__WHAT IS EXPECTED__: Beginning with the line containing "這兩家公司從6月7日開始到6" and ending with the line containing "Tóth Máté, a", write out each line of the records below exactly; pictures and lines outside that range are left out.

__AVAILABLE DATA__:

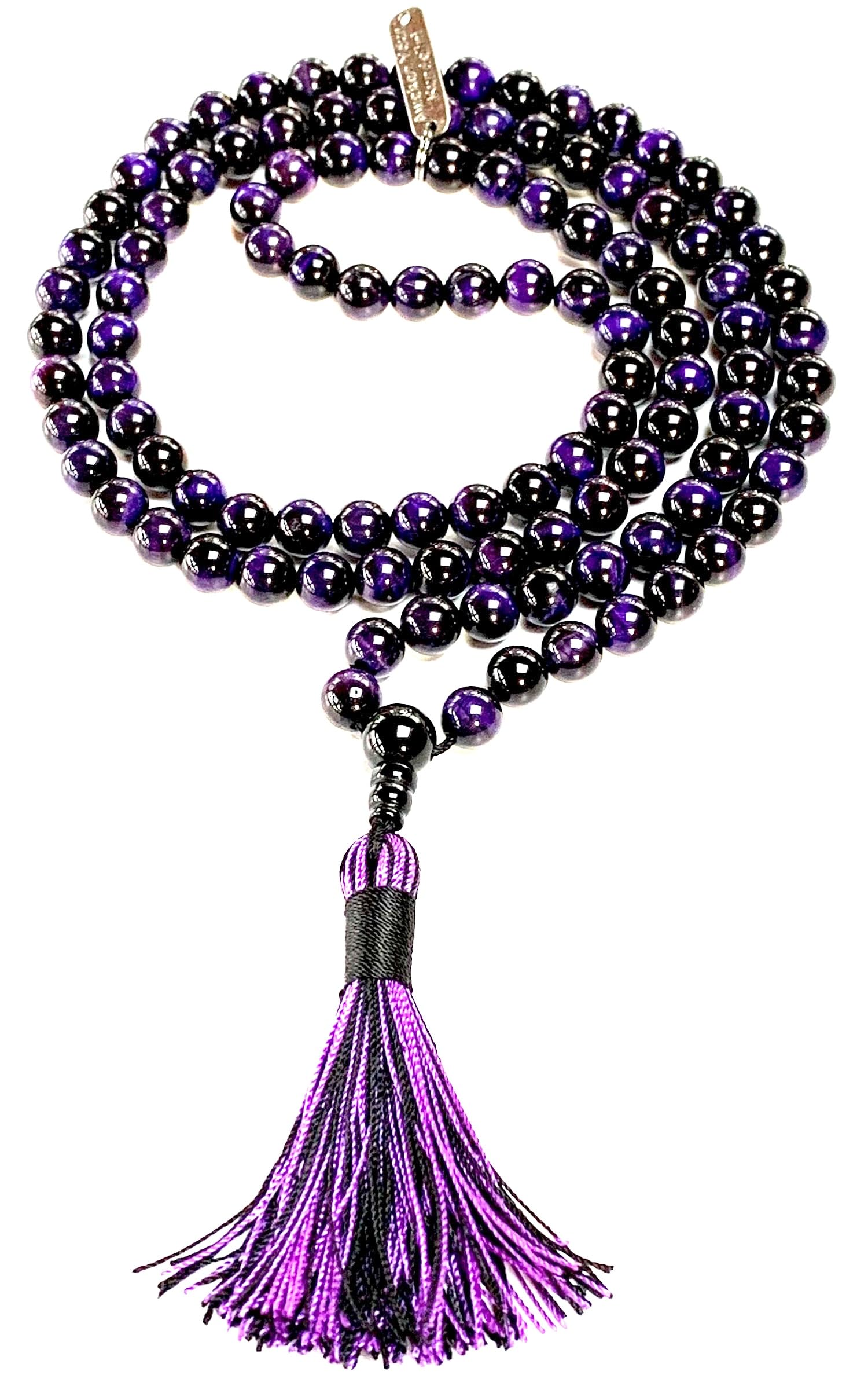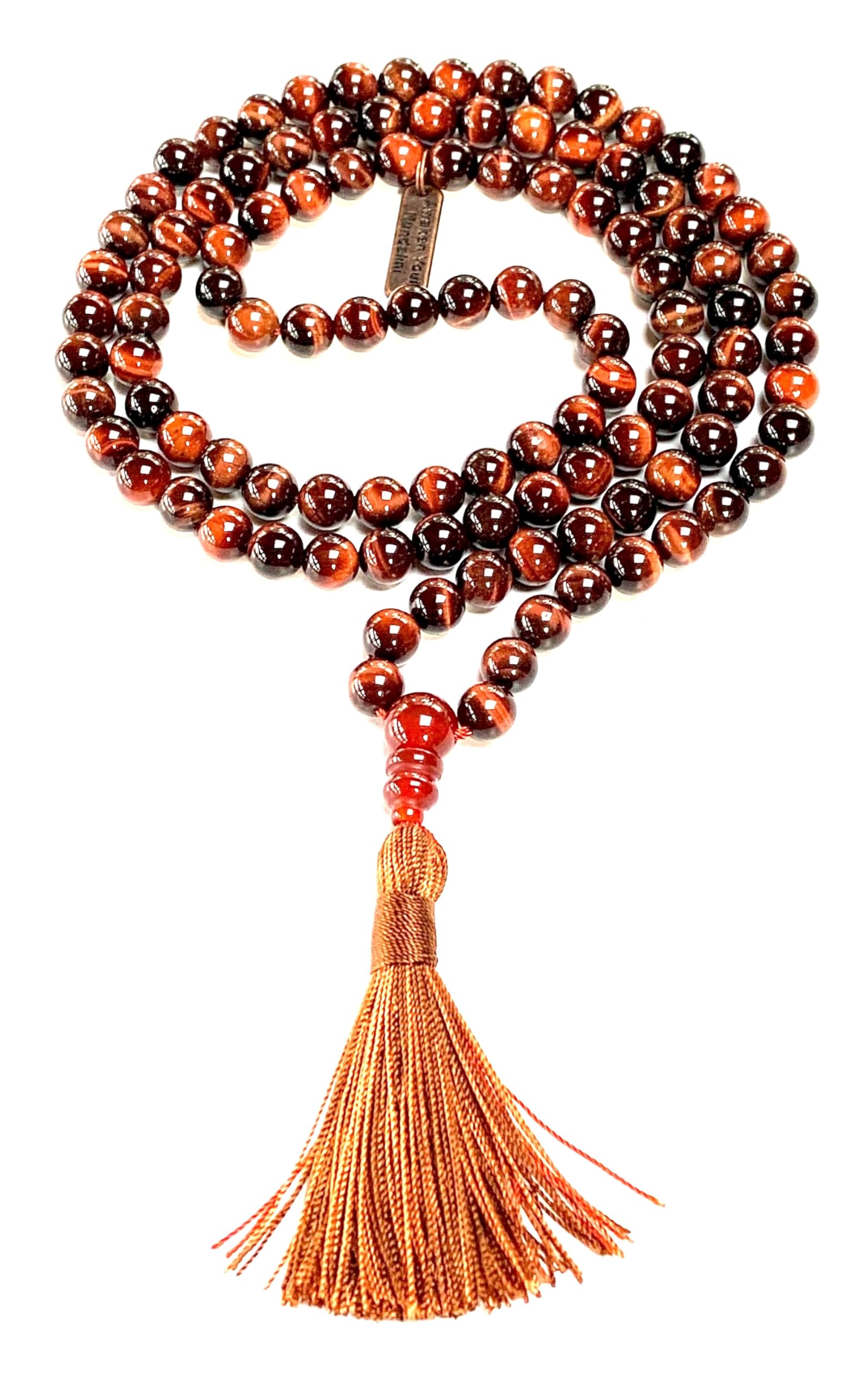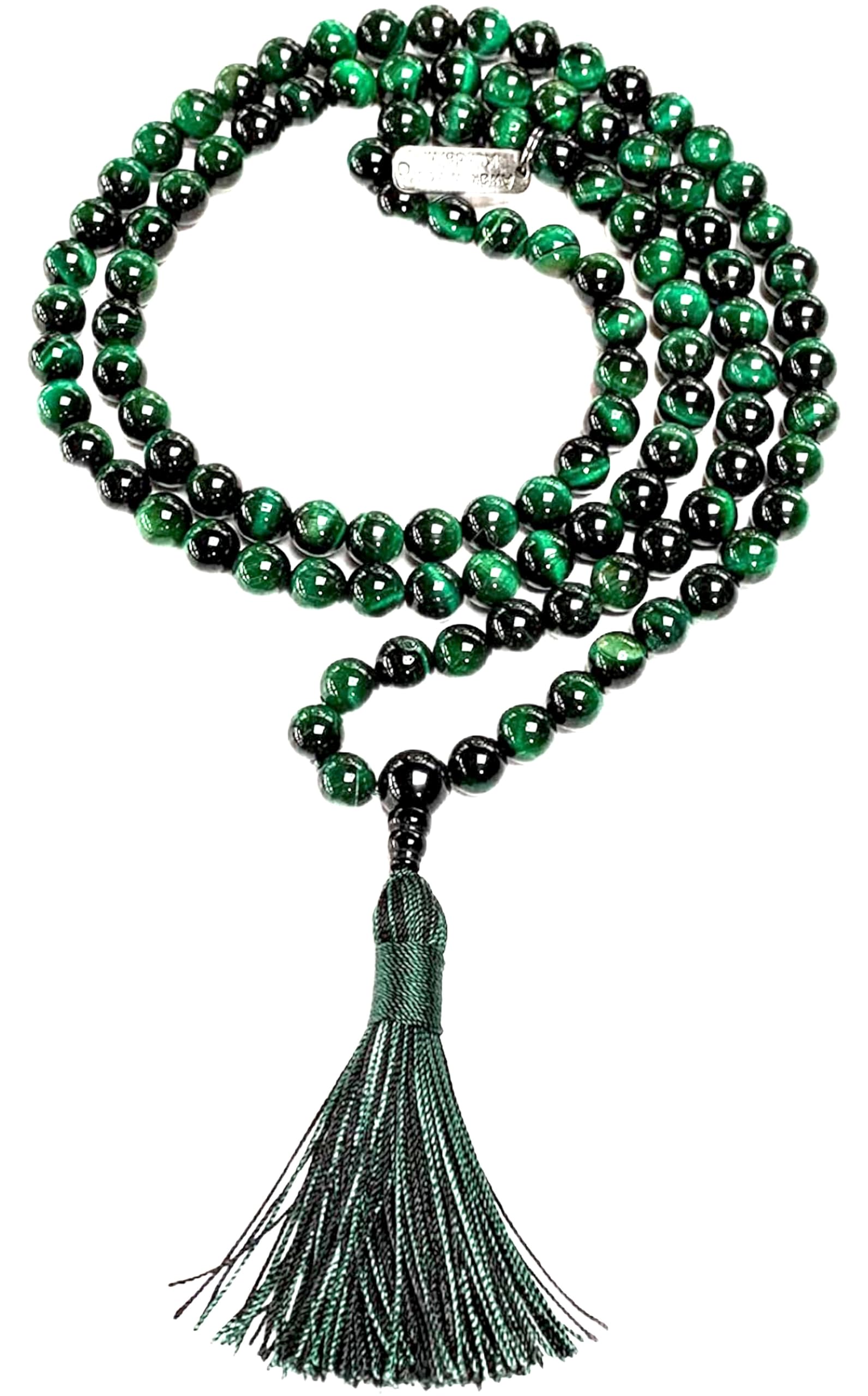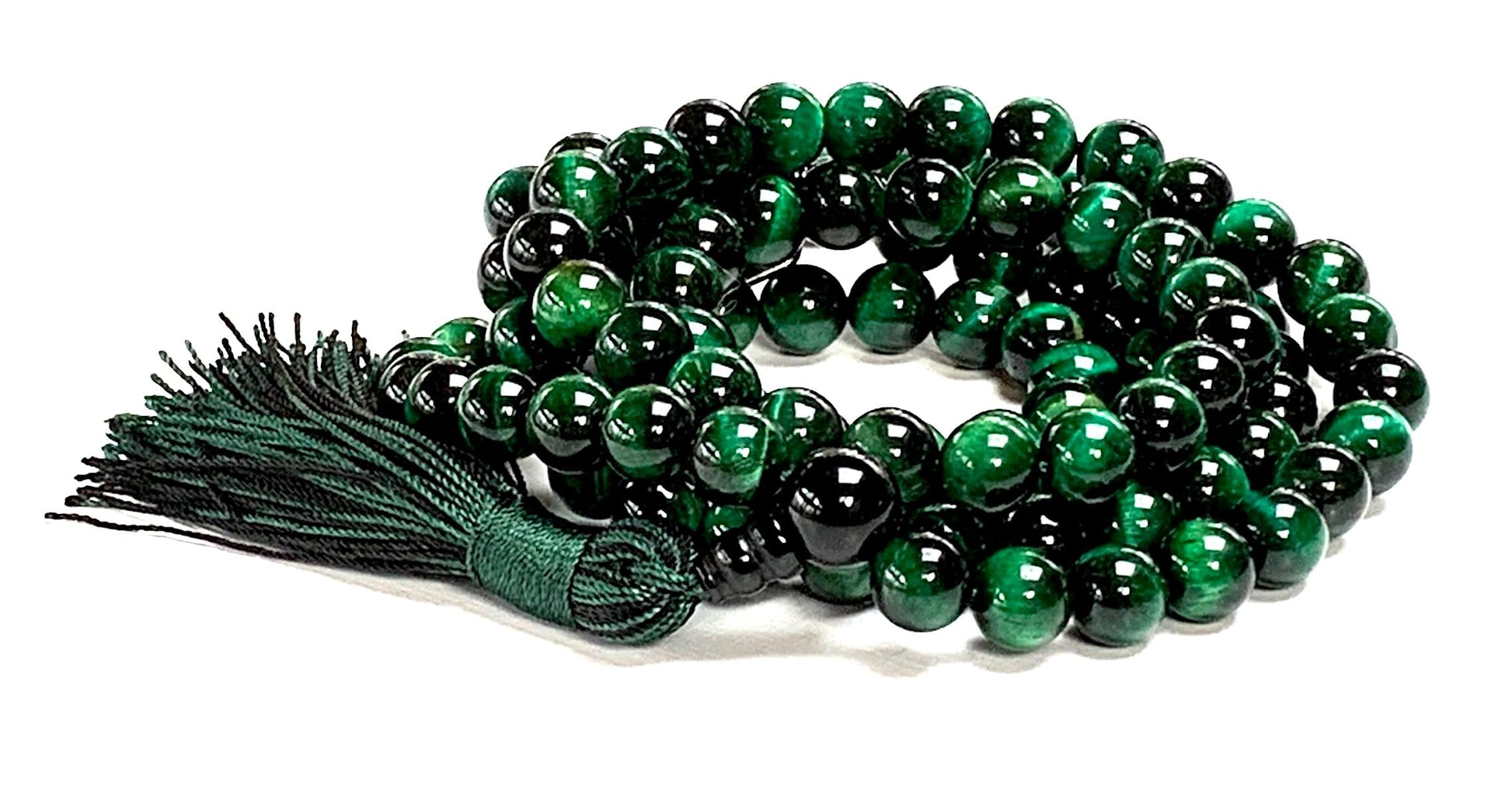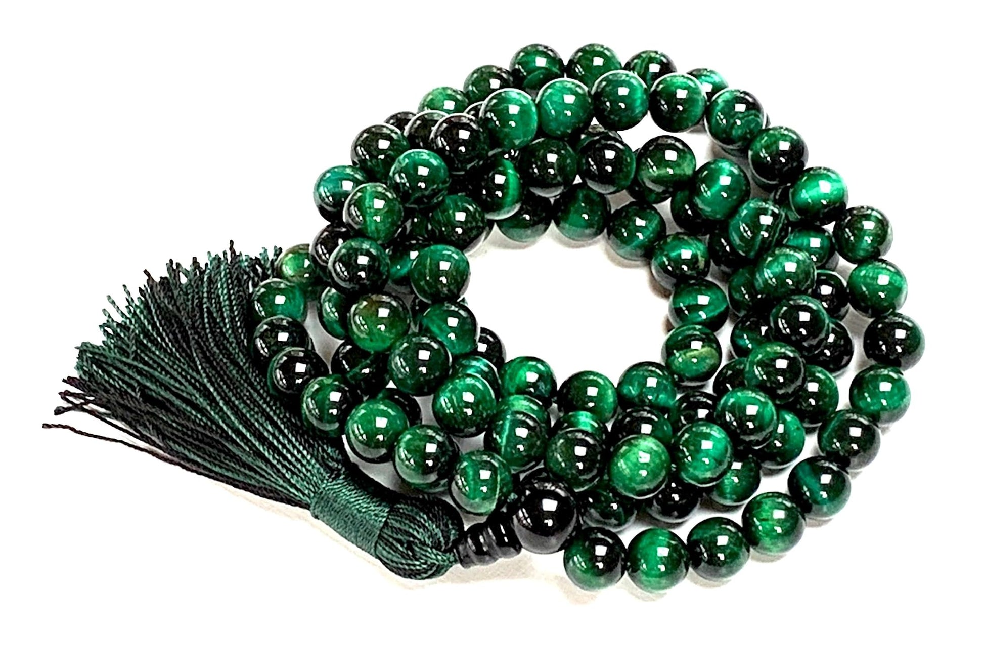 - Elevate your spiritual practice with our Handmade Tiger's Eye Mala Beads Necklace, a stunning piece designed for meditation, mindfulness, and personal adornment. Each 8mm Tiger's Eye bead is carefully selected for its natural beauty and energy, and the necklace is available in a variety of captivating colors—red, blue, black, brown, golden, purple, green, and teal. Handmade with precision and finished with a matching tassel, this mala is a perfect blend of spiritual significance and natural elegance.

---

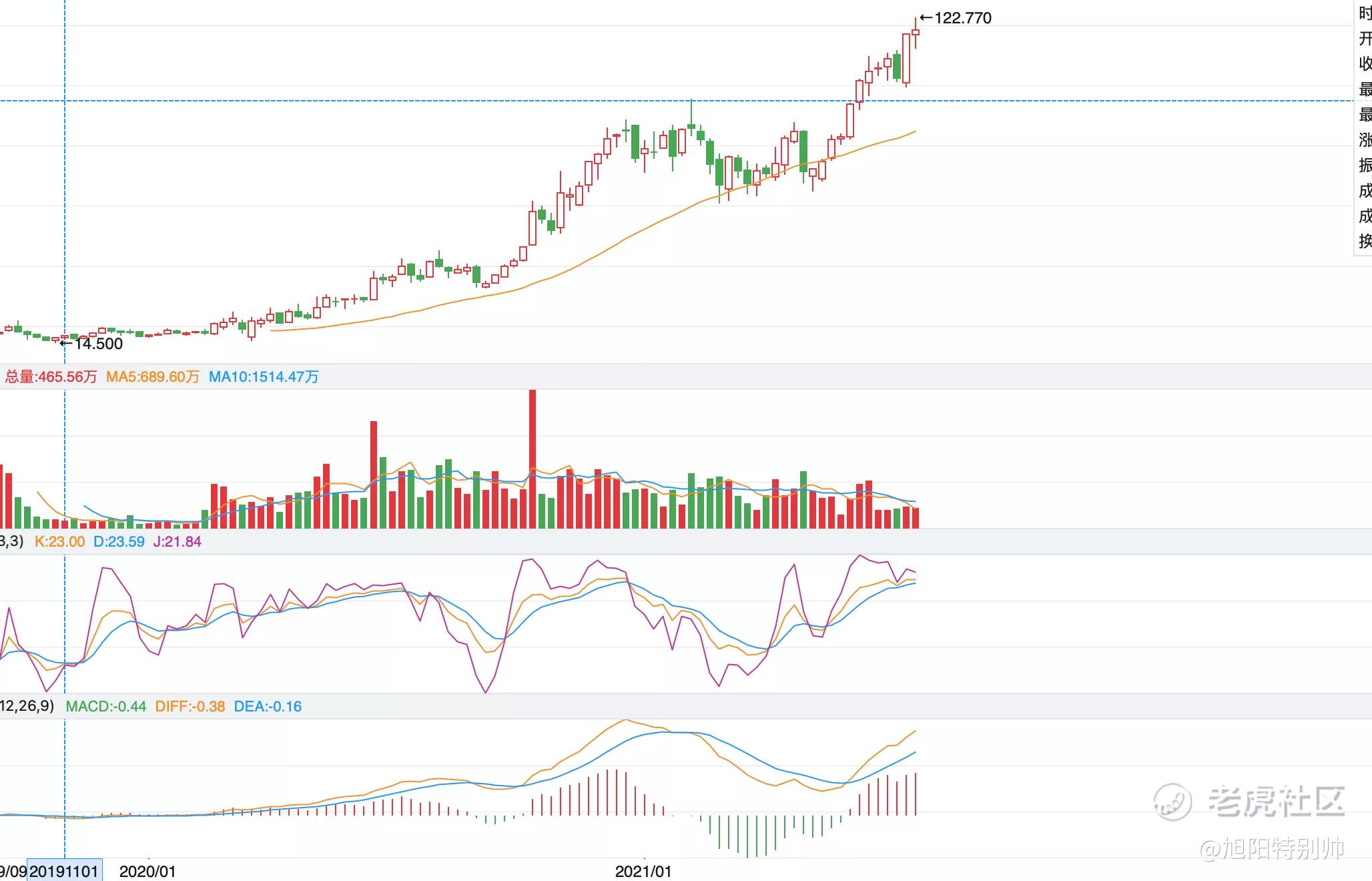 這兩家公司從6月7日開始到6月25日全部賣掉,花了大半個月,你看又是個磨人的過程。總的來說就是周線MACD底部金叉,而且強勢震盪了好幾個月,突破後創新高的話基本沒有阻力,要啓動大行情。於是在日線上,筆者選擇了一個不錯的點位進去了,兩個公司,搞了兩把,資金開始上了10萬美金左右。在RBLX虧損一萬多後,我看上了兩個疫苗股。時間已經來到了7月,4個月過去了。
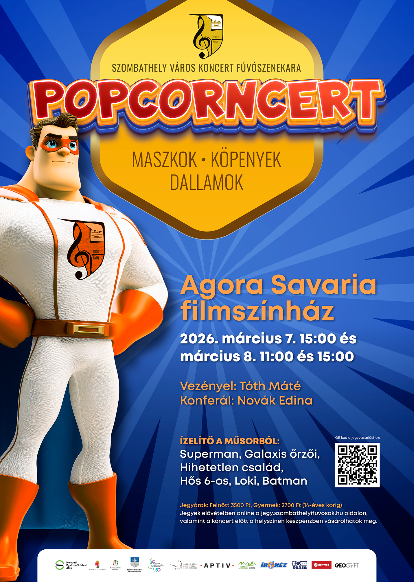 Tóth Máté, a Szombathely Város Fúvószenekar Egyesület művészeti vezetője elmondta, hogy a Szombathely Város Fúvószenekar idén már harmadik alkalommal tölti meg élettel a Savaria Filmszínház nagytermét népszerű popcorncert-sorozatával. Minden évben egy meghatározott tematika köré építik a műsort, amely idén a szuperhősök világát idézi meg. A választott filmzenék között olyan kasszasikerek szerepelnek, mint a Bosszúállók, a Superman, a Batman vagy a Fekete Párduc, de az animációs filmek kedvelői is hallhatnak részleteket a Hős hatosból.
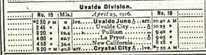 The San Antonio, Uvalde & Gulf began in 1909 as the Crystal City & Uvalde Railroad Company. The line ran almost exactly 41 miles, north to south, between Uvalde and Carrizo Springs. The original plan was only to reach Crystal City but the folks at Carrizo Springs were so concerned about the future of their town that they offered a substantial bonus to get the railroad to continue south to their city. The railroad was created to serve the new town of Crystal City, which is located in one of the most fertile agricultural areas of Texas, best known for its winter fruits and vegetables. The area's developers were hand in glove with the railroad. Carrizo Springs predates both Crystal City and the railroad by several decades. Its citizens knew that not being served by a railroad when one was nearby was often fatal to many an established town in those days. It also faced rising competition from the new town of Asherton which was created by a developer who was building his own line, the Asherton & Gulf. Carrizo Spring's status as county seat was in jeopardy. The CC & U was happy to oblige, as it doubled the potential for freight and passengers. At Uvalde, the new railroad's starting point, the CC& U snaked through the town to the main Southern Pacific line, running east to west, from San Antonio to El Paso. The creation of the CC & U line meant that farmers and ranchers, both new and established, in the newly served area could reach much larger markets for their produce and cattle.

...

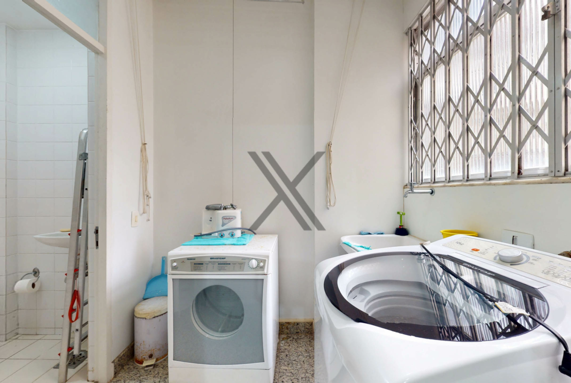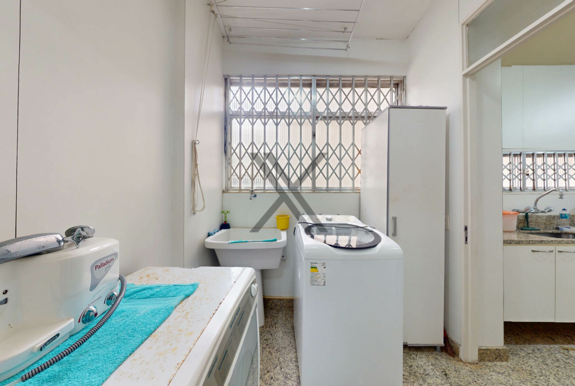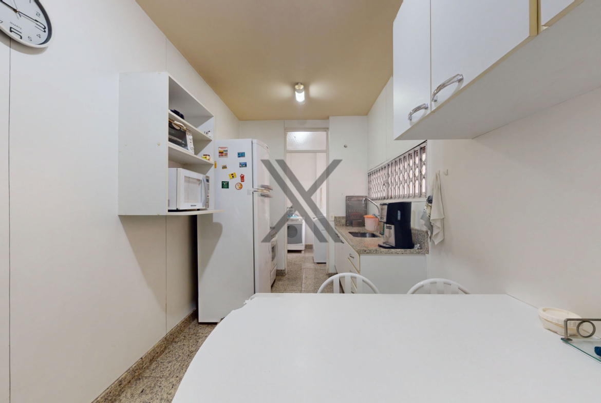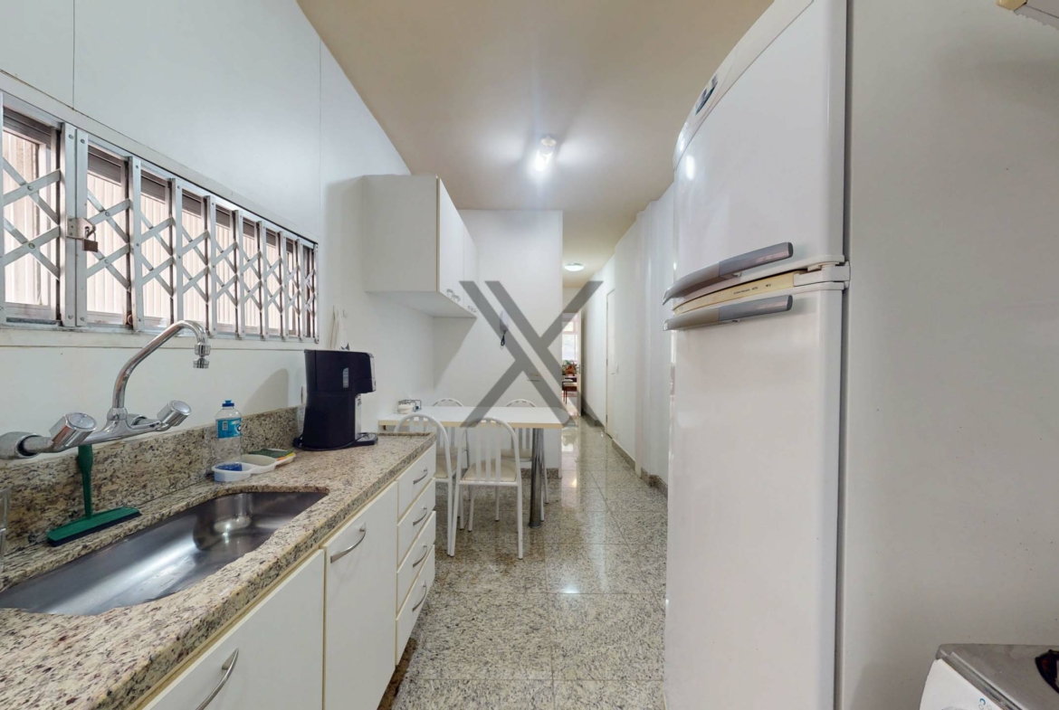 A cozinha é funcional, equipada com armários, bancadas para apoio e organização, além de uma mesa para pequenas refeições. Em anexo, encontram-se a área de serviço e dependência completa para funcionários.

__OUTPUT FOR THIS EXERCISE__:
 這兩家公司從6月7日開始到6月25日全部賣掉,花了大半個月,你看又是個磨人的過程。總的來說就是周線MACD底部金叉,而且強勢震盪了好幾個月,突破後創新高的話基本沒有阻力,要啓動大行情。於是在日線上,筆者選擇了一個不錯的點位進去了,兩個公司,搞了兩把,資金開始上了10萬美金左右。在RBLX虧損一萬多後,我看上了兩個疫苗股。時間已經來到了7月,4個月過去了。
 Tóth Máté, a Szombathely Város Fúvószenekar Egyesület művészeti vezetője elmondta, hogy a Szombathely Város Fúvószenekar idén már harmadik alkalommal tölti meg élettel a Savaria Filmszínház nagytermét népszerű popcorncert-sorozatával. Minden évben egy meghatározott tematika köré építik a műsort, amely idén a szuperhősök világát idézi meg. A választott filmzenék között olyan kasszasikerek szerepelnek, mint a Bosszúállók, a Superman, a Batman vagy a Fekete Párduc, de az animációs filmek kedvelői is hallhatnak részleteket a Hős hatosból.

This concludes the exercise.